Stored items from a collection »

───

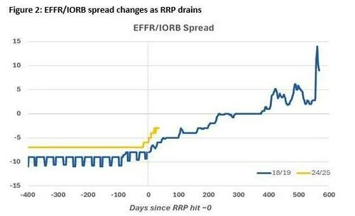 首先是有效联邦基金利率(EFFR)与准备金利率(IORB)的关系。回顾2018年至2019年的情况,当EFFR开始持续高于IORB时,美联储便决定放缓QT。Horvatin认为,当前市场正显现出明显的紧张态势,预计到年底EFFR与IORB的利差可能会进一步收窄。
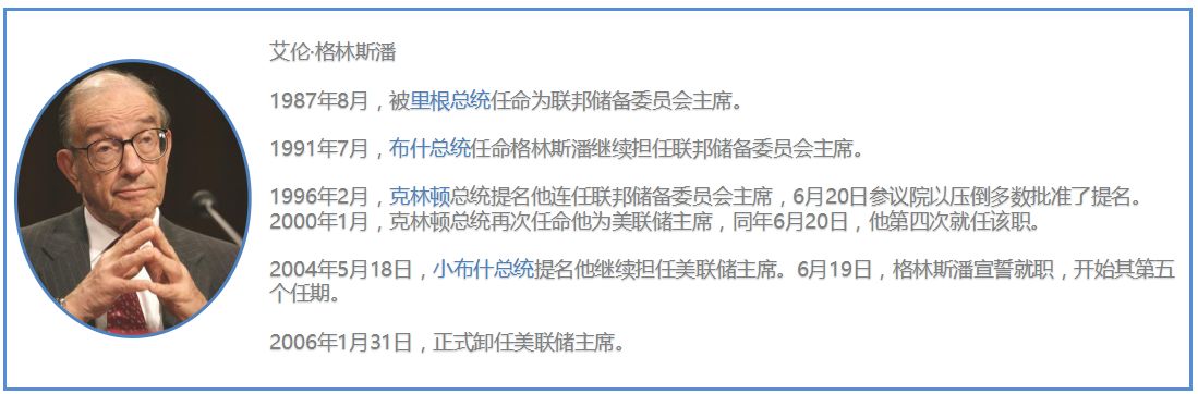 我刚刚来到华尔街工作的时候,正值格林斯潘主席在临近他担任美联储主席的最后时间。格林斯潘老先生从1987年接任美联储主席,一共18年,直至2005年宣布退休,不再连任。
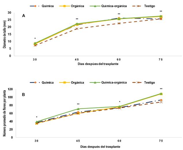 Para la evaluación del diámetro de tallo y número promedio de flores por planta se realizaron cuatro muestreos: a los 30, 45, 60 y 75 ddt. El diámetro de tallo (mm), se determinó con un vernier digital de la marca Truper® Stainless Steel, la medición se tomó a 2 cm por debajo de la primera horqueta. Mientras que el número promedio de flores se contabilizó de forma visual según el tratamiento. En el diámetro de tallo y número de flores se evaluaron a las mismas cuatro plantas.
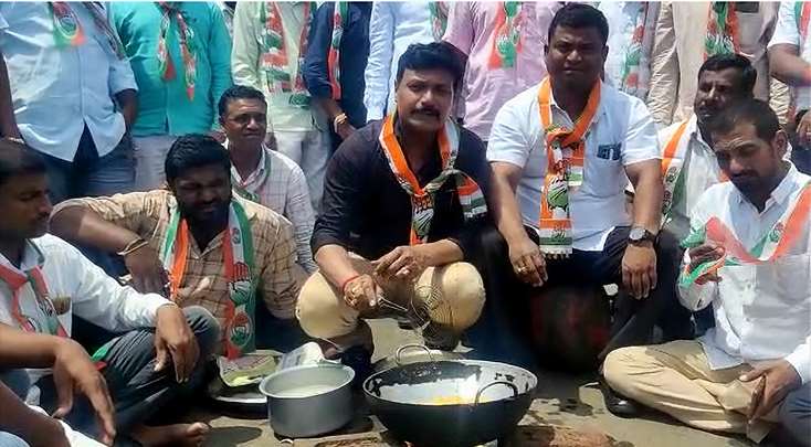 रस्त्यावर भजी तळून काँग्रेसचे महागाई विरोधात अनोखे आंदोलन
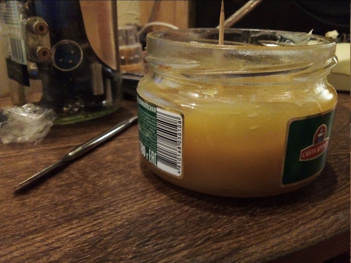 в общем пробовал бадяжить конифоль спиртом,но спирт быстро испаряется и канифоль выпадает в осадок,и сама смесь сильно липкая выходит.Как то попался рецепт как сделать вот на подобе такого флюс геля,только покупной стоит 370 рублей за 5 грамм
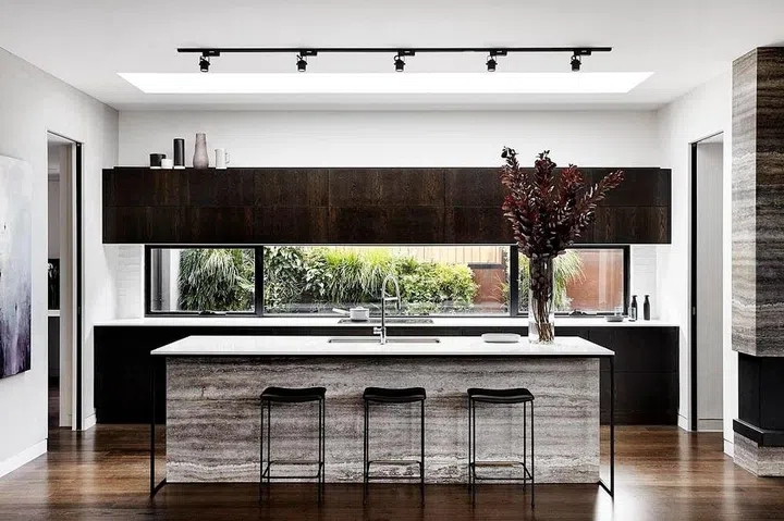 Natural materials like travertine stone and dark wood cabinetry make up this sleek and contemporary kitchen.
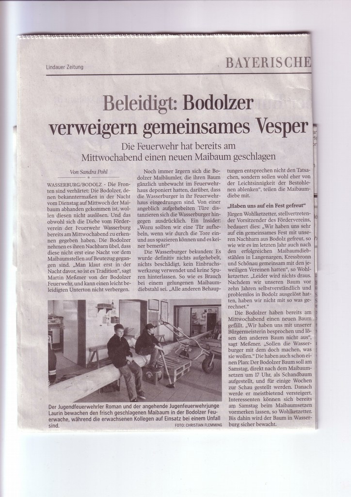 Die Bodolzer zeigen sich mittlerweile als schlechte Verlierer, haben sie doch anscheinend zwischenzeitlich bereits einen neuen Baum gefällt und diesen am Mittwoch Abend ins Feuerwehrhaus gebracht. In Wasserburg ist die Enttäuschung groß, hat man sich doch an die Maibaumregeln gehalten und beim erfolgreichen Diebstahl nichts beschädigt. Von einer angeblich aufgehebelten Türe wie die Bodolzer es am Donnerstag in der LZ behaupten distanzieren sich die Wasserburger ausdrücklich, ein Insider gibt einen kleinen Teil des Geheimnisses Preis "wozu sollten wir eine Tür aufhebeln wenn wir durch die Tore ein- und aus spazieren können und es keiner bemerkt?" Es wurde definitiv nichts aufgehebelt, nichts beschädigt, kein Einbruchswerkzeug verwendet und keine Spuren hinterlassen, so wie es Brauch ist bei einem gelungenen Maibaumdiebstahl. Alle anderen Behauptungen entsprechen nicht den Tatsachen sondern sollen wohl eher von der Leichtsinnigkeit der Bestohlenen ablenken. Der Diebstahl blieb bis Mittwoch mittag sogar unbemerkt.
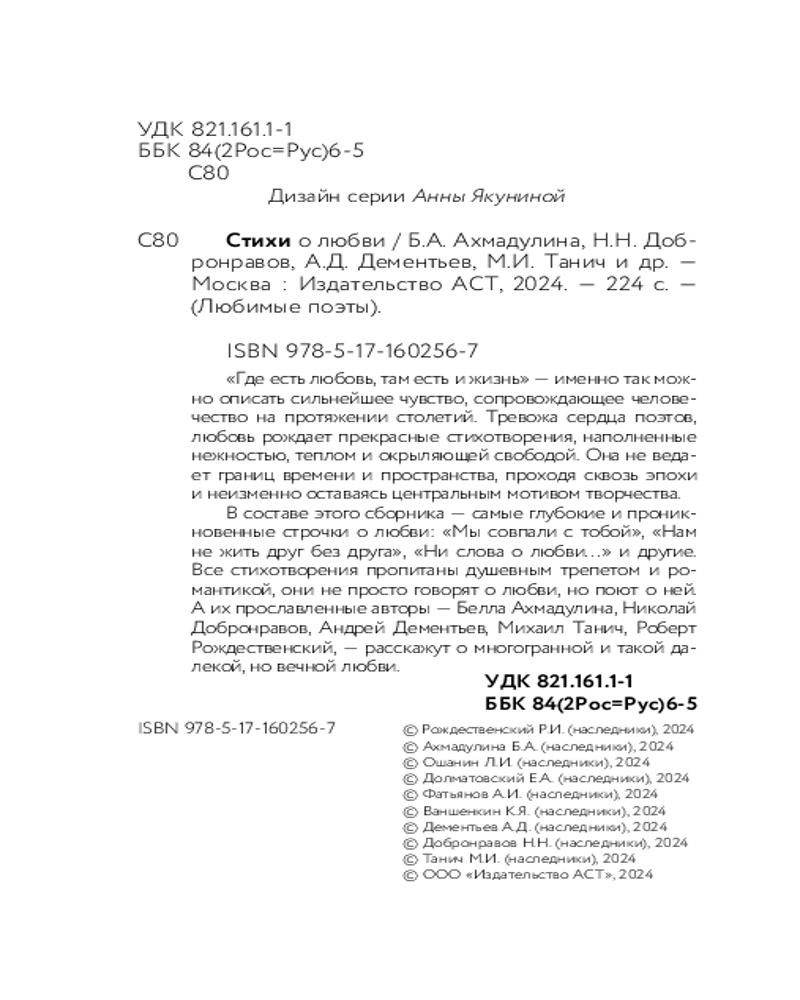💳 Оплатить за товар можно при получении 🇰🇿 Есть бесплатная доставка по Казахстану от 1 дня 🎁 Копите бонусы с каждой покупки Серия: Любимые поэты «Где есть любовь, там есть и жизнь» — именно так можно описать сильнейшее чувство, сопровождающее человечество на протяжении столетий. Тревожа сердца поэтов, любовь рождает прекрасные стихотворения, наполненные нежностью, теплом и окрыляющей свободой. Она не ведает границ времени и пространства, проходя сквозь эпохи и неизменно оставаясь центральным мотивом творчества. |
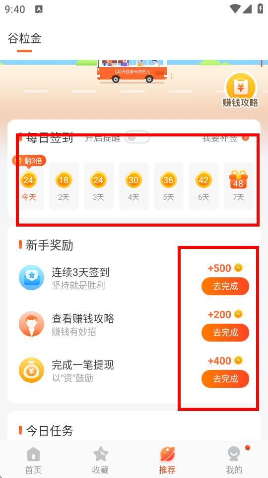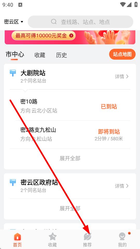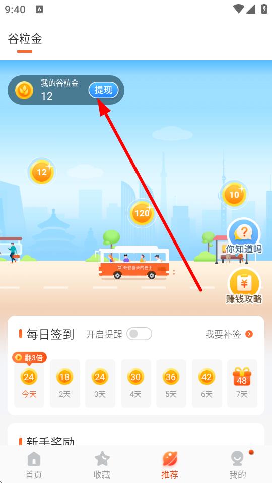 1、打開掌上公交APP,點(diǎn)擊底部導(dǎo)航欄中的推薦進(jìn)入谷粒金界面。
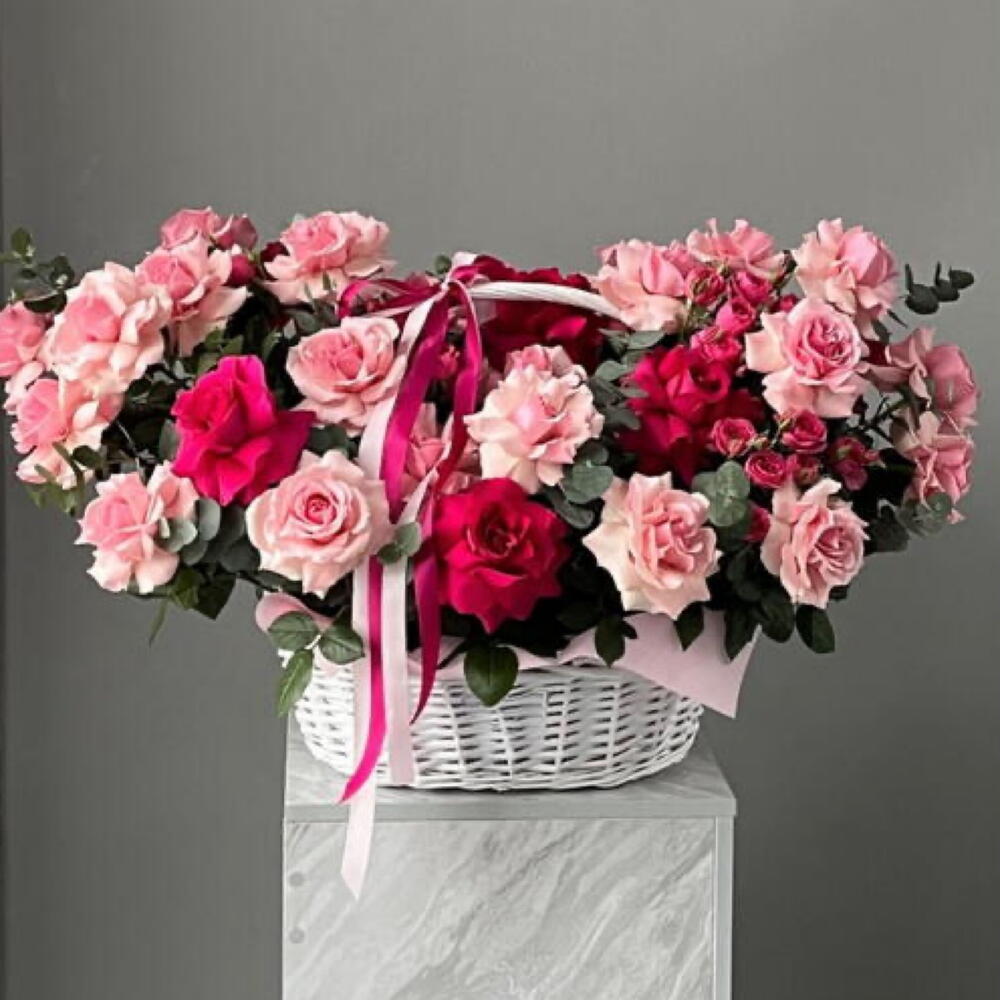 Pink rose - 20 pcs pink spray rose - 30 pcs euclyptus - 30 pcs hot pink roses - 10 pcs
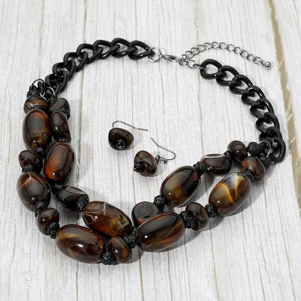 Chunky Marbled Pebble Beaded Layered Statement Necklace Chunky Marbled Pebble Beaded Layered Statement Necklace
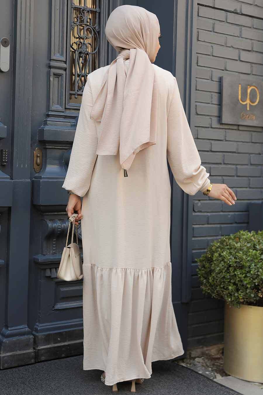 Ürün Boyu: 135 cmÜrün Rengi: Bej- Life Style çekimlerden dolayı ürün renginde ton farkı olabilir Sipariş İçeriği: Bu ürün kombin değildir. Sadece elbiseden oluşmaktadır.Numune Bedeni: 38Yıkama: 30 derecede sıktırmadan yıkanabilir.Manken Ölçüleri Boy: 165 cm
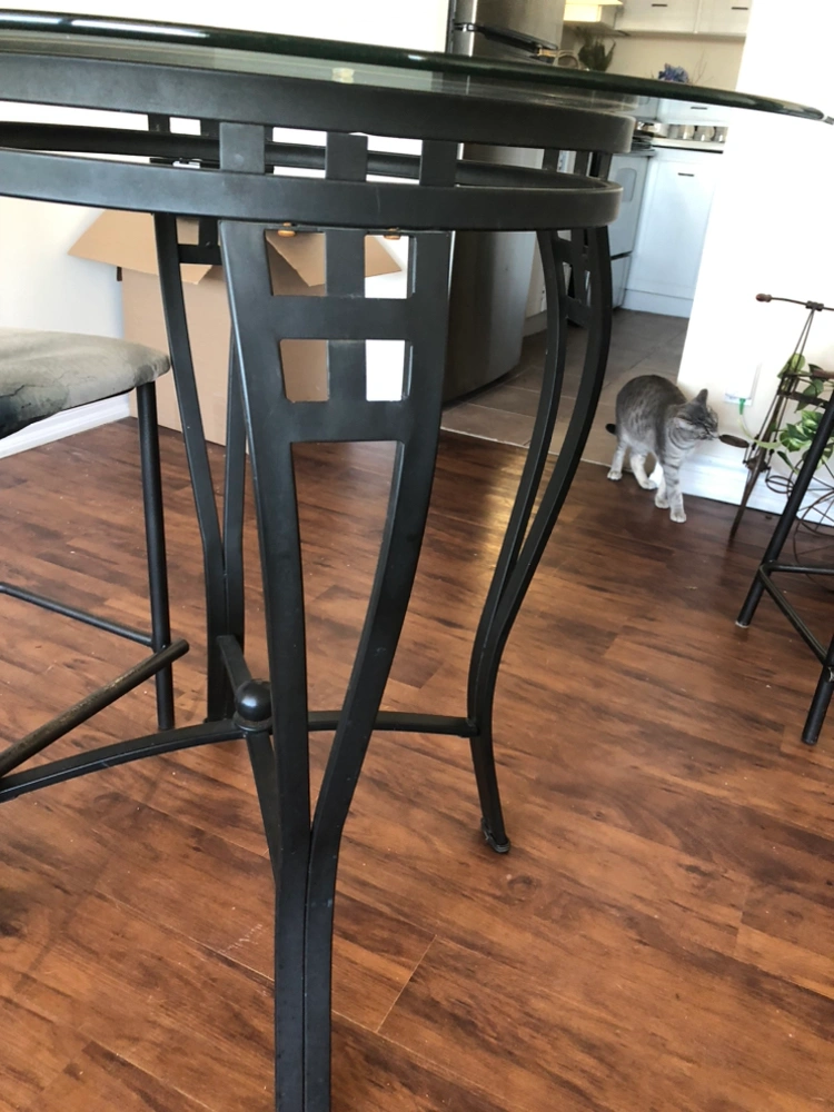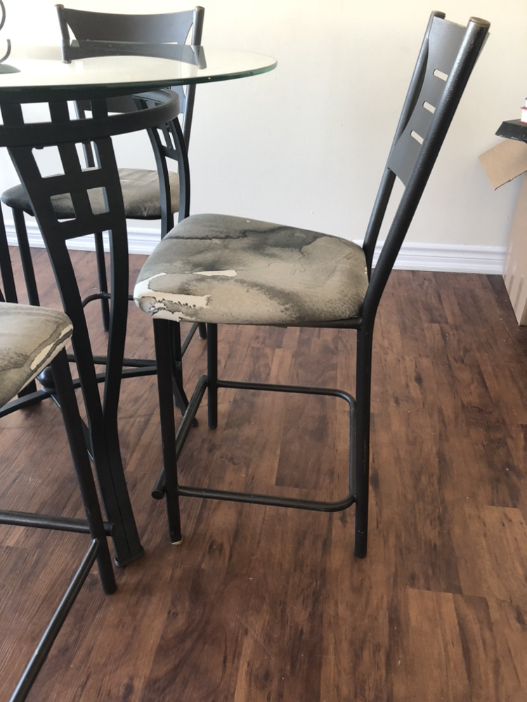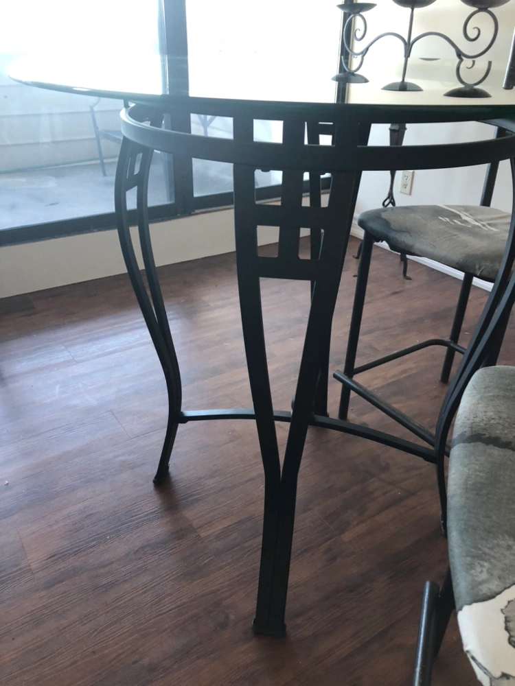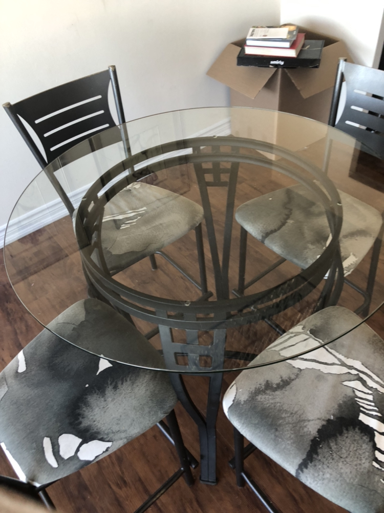 Glass is half an inch thick slight smoky color. Super good condition. Could also be used on a patio. Includes four chairs

───

About this task » Starting with the line above that holds "रस्त्यावर भजी तळून", restate each line word for word up to and including the line that holds "Natural materials like". Drop the pictures.

Problem solution »
 रस्त्यावर भजी तळून काँग्रेसचे महागाई विरोधात अनोखे आंदोलन
 в общем пробовал бадяжить конифоль спиртом,но спирт быстро испаряется и канифоль выпадает в осадок,и сама смесь сильно липкая выходит.Как то попался рецепт как сделать вот на подобе такого флюс геля,только покупной стоит 370 рублей за 5 грамм
 Natural materials like travertine stone and dark wood cabinetry make up this sleek and contemporary kitchen.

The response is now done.